→ TASK OBJECTIVE
Exactly the lines below starting at the line with "الحجم- فرشاة سلكية" and ending at the line with "Мероприятие началось возле" are wanted, with both ends included. Leave out the pictures and add no other lines.

→ INPUT MATERIAL
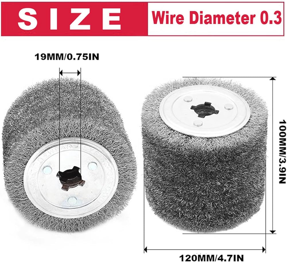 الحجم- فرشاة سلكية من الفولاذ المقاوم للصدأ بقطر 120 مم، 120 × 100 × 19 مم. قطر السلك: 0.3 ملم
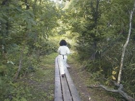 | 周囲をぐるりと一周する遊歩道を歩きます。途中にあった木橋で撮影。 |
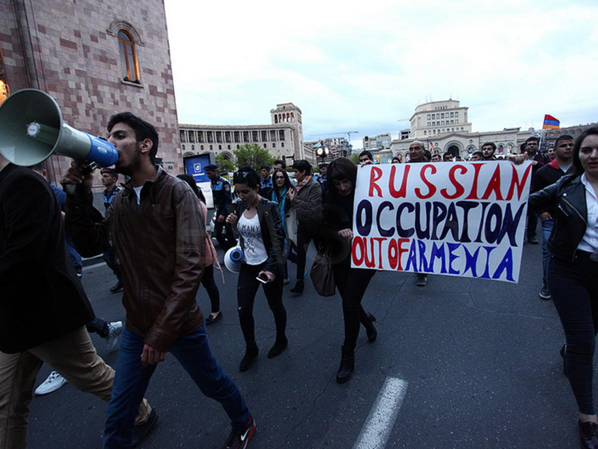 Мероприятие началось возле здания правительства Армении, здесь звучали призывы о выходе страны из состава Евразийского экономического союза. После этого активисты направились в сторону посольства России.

---

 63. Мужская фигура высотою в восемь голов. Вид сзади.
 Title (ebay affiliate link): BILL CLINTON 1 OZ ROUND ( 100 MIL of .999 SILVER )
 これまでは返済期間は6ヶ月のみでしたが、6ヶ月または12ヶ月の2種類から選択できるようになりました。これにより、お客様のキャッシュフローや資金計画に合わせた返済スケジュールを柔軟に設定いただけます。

→ EXERCISE ANSWER
 الحجم- فرشاة سلكية من الفولاذ المقاوم للصدأ بقطر 120 مم، 120 × 100 × 19 مم. قطر السلك: 0.3 ملم
 | 周囲をぐるりと一周する遊歩道を歩きます。途中にあった木橋で撮影。 |
 Мероприятие началось возле здания правительства Армении, здесь звучали призывы о выходе страны из состава Евразийского экономического союза. После этого активисты направились в сторону посольства России.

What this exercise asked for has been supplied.